Do these “ultraweak” one-sided group axioms guarantee a group?
Solution 1:
Consider any set $X$ equipped with the left projection operation $$*:(a,b)\mapsto a.$$ Associativity is trivial. Meanwhile, every element is a (right) identity: fixing $e\in X$ we have $x*e=x$ for all $x\in X$. Similarly, fixing $e\in X$ we can think of $e$ itself as the "ultraweak (left) inverse of $x$ with respect to $e$" - since it satisfies $e*x=e$.
So $Proj(X):=(X,*)$ satisfies a very strong version of the axioms you list. But as soon as $X$ has more than one element, $Proj(X)$ is very far from a group.

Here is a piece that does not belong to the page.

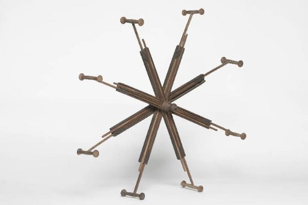 Aspino a 8 appoggi. La parte terminale di ciascun braccio si infila entro la parte fissa, in apposita rotaia. Un sorta di molletta elastica preme sul terminale contribuendo a fissarne la posizione
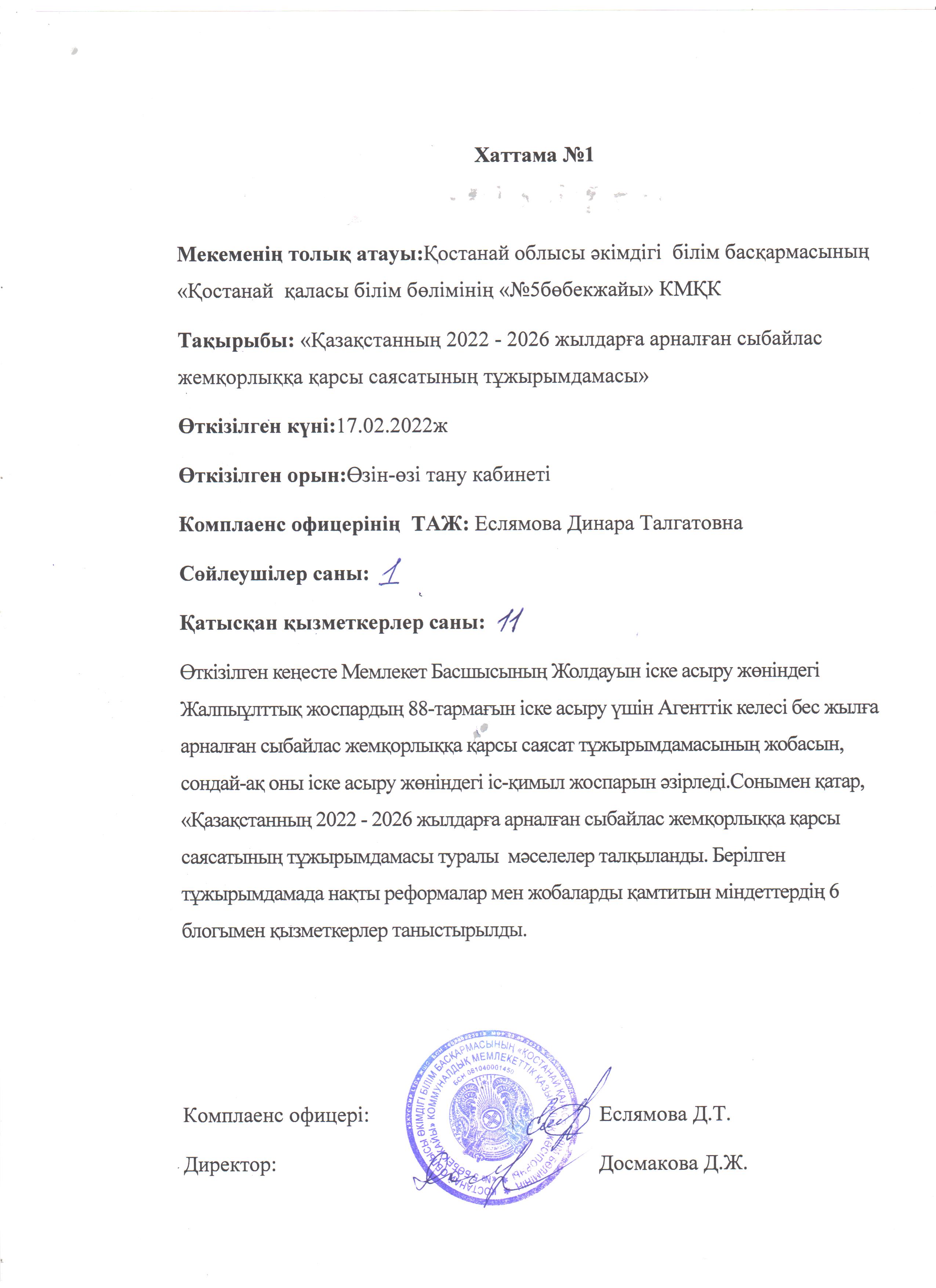 1.07.22-1.07.2023 сыбайлас жемқорлық тәуекелдеріне ішкі талдау жүргізуі туралы БҰЙРЫҚ

Re: the gap between this notion and full grouphood, note that crucially in the above we have a contrast between the ways the second and third axioms are satisfied - every element is a right identity, but we only have left inverses. The post linked in the OP meanwhile shows that if we demand right identity + right inverses, or left identity + left inverses, we do get full grouphood. So it's not so much that any single type of "sidedness" can vary from element to element, but rather that the relevant "sidednesses" are not required to be the same, which gives a weak notion.
Solution 2:
What axioms are enough to guarantee a group?
Assuming associativity. "Two-sided inverses" only requires that there is a left inverse and a right inverse for every element, they don't have to be the same.
| Identity \ Inverse | Two-sided | One-sided | Ultraweak |
|---|---|---|---|
| Two-sided | $\color{green}{\checkmark}$ | $\color{green}{\checkmark}$ | $\color{green}{\checkmark}$ |
| One-sided | $\color{green}{\checkmark}$ | Only if same side | $\color{red}{\mathcal{X}}$ |
| Ultraweak | $\color{green}{\checkmark}$ | $\color{red}{\mathcal{X}}$ | $\color{red}{\mathcal{X}}$ |
- Left identity and left inverses: Enough $\color{green}{\checkmark}$
- Left identity and right inverses: Not enough (Noah's answer) $\color{red}{\mathcal{X}}$
- Ultraweak identity and two-sided inverses: Enough (See below) $\color{green}{\checkmark}$
- Two-sided identity and ultraweak inverses: Enough (See below) $\color{green}{\checkmark}$
In summary, once either the identities or the inverses are two-sided, we have a group. But if that is not the case, the only way to still guarantee a group is if the identity and inverses are both always on the same side.
Ultraweak identity and two-sided inverses are enough
We only require that there is a left inverse and a right inverse for every element, they don't have to be the same.
We show that $e$ is a left identity for every element. Since we have left inverses, the claim then follows from this answer. For an element $a$, the ultraweak identity yields $ea=a$ or $ae = a$. We only need to focus on the second case. $a$ has a right inverse $a'$, and $a'$ has a right inverse $a''$. Thus, $a = a e = a (a' a'') = (a a') a'' = e a''$. This shows that $ea = e(e a'') = e a'' = a$ as required.
Two-sided identity and ultraweak inverses are enough
Indeed, in this case $x^2=x$ implies $x=e$ for all $x$. Thus, if a has right-inverse $b$, we have $ab=e$ and thus $ba=b(ab)a=(ba)^2$, so that $ba=e$, therefore $b$ is also the left inverse.
Answer to REVISED UPDATE
I decided to track this in a seperate question. See this question and answer.
Solution 3:
No, these are not sufficient. Consider the set of the two matrices $$\begin{pmatrix}1&0\\0&0\end{pmatrix},\begin{pmatrix}1&1\\0&0\end{pmatrix}$$ with respect to matrix multiplication.